Effects of urban heat island intensity on leaf water-relevant traits of greening tree species with different leaf textures

More Information
  • Received Date: September 22, 2023
  • Revised Date: January 14, 2024
  • Accepted Date: July 08, 2024
  • Available Online: July 09, 2024
  • Objective 

    This paper aims to explore the response of water content correlation between two different leaf textures to urban heat islands, and to reveal whether there are differences in the adaptation methods of varied leaf textures to urban heat islands.

    Method 

    In four typical heat island intensity plots in Beijing, common chartaceous and coriaceous leaf greening tree species were used as objects to study the changes in leaf vein, stomatal traits, and leaf epidermal thickness related to tree water processes.

    Result 

    (1) The leaf vein density, stomatal density, stomatal length, maximum stomatal conductivity, and upper epidermal thickness of chartaceous leaves showed an increasing trend in the strong heat island area compared with the strong cold island area, while the leaf vein diameter showed a decreasing trend in the strong heat island area compared with strong cold island area. (2) The vein density, vein diameter, and stomatal length of coriaceous leaves showed an increasing trend in the strong heat island area compared with strong cold island area, while the stomatal density, maximum stomatal conductivity, and upper epidermal thickness showed a decreasing trend in the strong heat island area compared with strong cold island area. (3) Different leaf textures showed varied water related correlations, but both showed a positive correlation between stomatal density and maximum stomatal conductance (p < 0.05). The two types of leaf textures adapted to urban heat island stress by adjusting the different relationships between water related traits.

    Conclusion 

    Urban heat islands significantly affect the water related traits of tree leaves, and different textures of leaves adopt different adaptation strategies to the urban heat island environment.
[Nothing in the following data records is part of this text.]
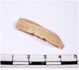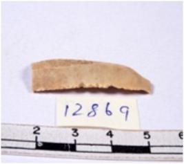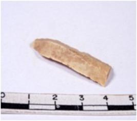 | Description / विवरण | A fragment of a rectangular shaped chert blade showing dorsal sides with sharp cutting edges having smooth surface and triangular section. |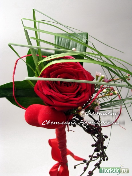 Я делала не на 14-е февраля, а где-то в мае этот букет. Но по тематике и стилистике он пойдет!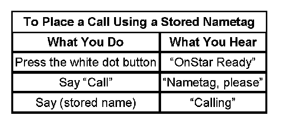 Customers have the ability to store telephone numbers within the module, referenced by a nametag for the convenience of frequently dialed numbers. This process is initiated by pressing the answer/end call button, waiting for the system response, then speaking the response "store". The system will respond with "number please" at which time the user should enter the number desired to be stored. Once complete, saying the word "store" again lets the system know you are finished entering the number. At this time, the system will elicit the user to assign a nametag to that number. From this point forward, the user can dial this number by initiating the OnStar(R) personal calling (OPC) feature, speaking the word "call," and repeating the nametag assigned. To delete a nametag, the user should initiate OPC, say "delete" then speak the nametag to be removed. In the event a nametag cannot be deleted in spite of repeated attempts from several speakers, the OnStar(R) module will require replacement.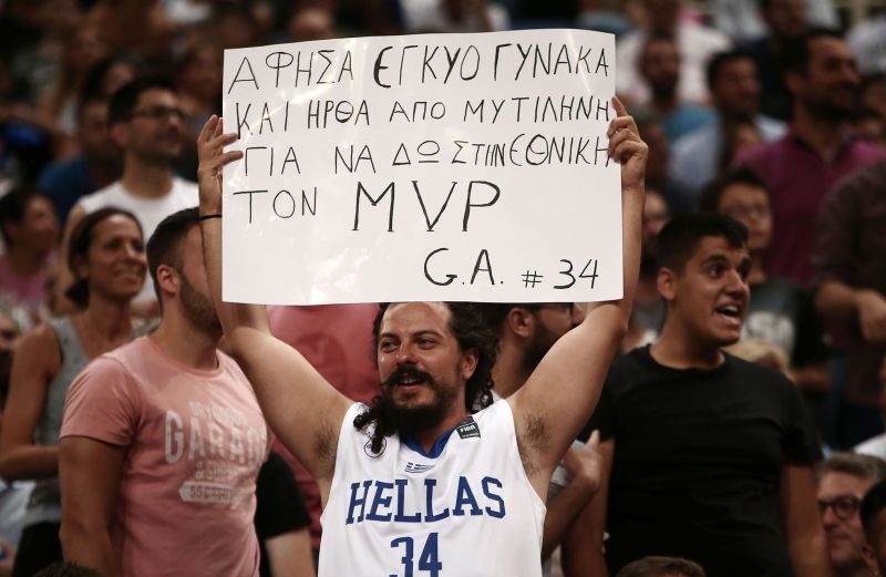 Φορώντας τη φανέλα της Ελλάδας με τον αριθμό «34» του Greek Freak ο τρελαμένος με την παρουσία του Αντετοκούνμπο φίλαθλος έγραψε στο πλακάτ: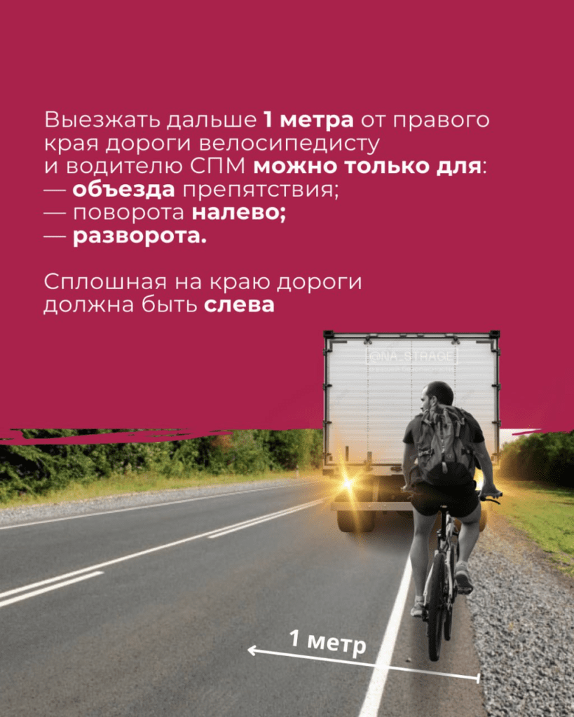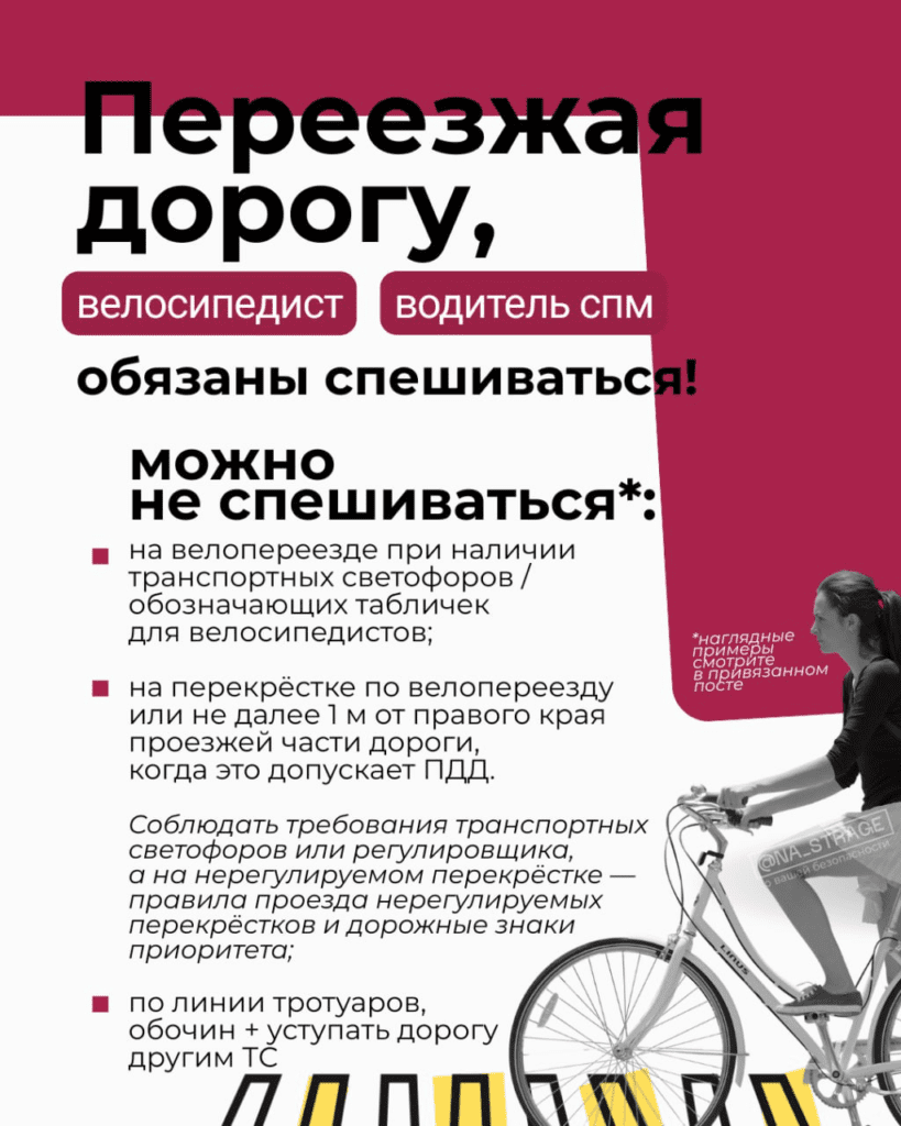 ✔️при пересечении проезжей части водители СПМ и велосипедисты обязаны спешиться;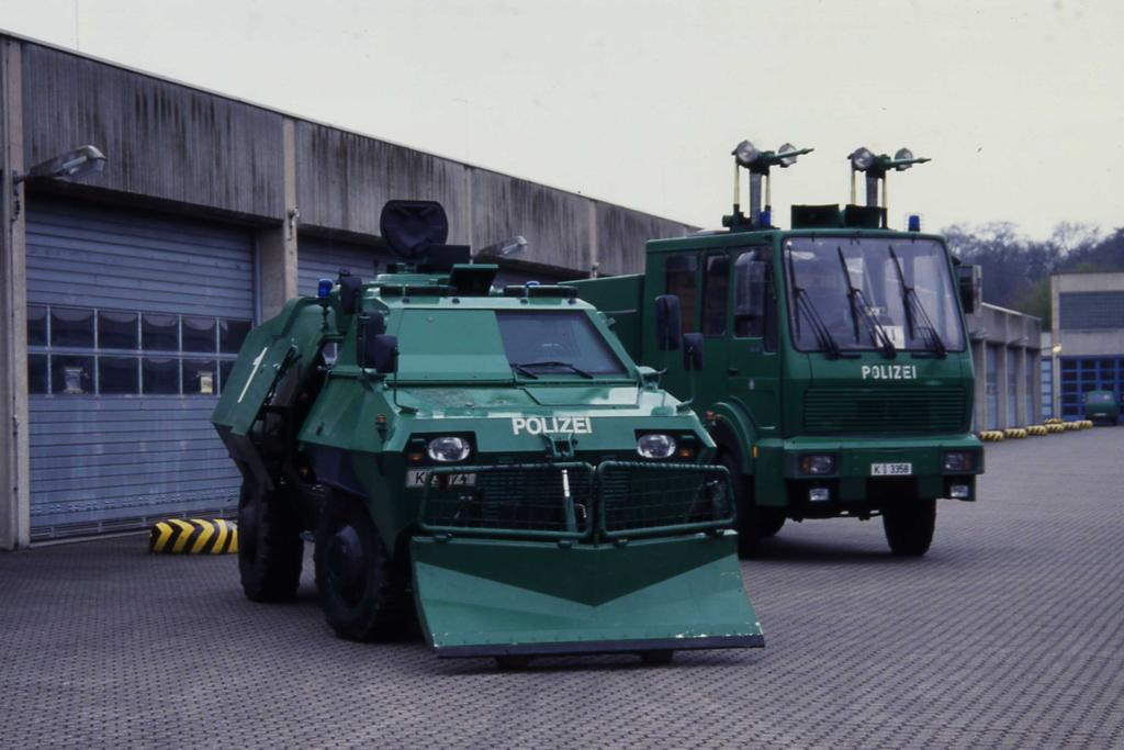 dieser Sonderwagen von Thyssen und der dahinter sichtbare Mercedes Wasserwerfer

Chartaceous leaves adopt a strategy of increasing water supply, improving transpiration, and helping plants cool down. The coriaceous leaves adopt a strategy of increasing water transportation and reducing transpiration water dissipation. There is a phenomenon of co-evolution between the leaf veins and stomata of two tree species with different leaf textures. For urban parks with high heat island intensity, high-temperature resistant tree species should be selected based on indicators such as water correlation, and measures such as increasing irrigation and artificial cooling should be taken during the high-temperature season.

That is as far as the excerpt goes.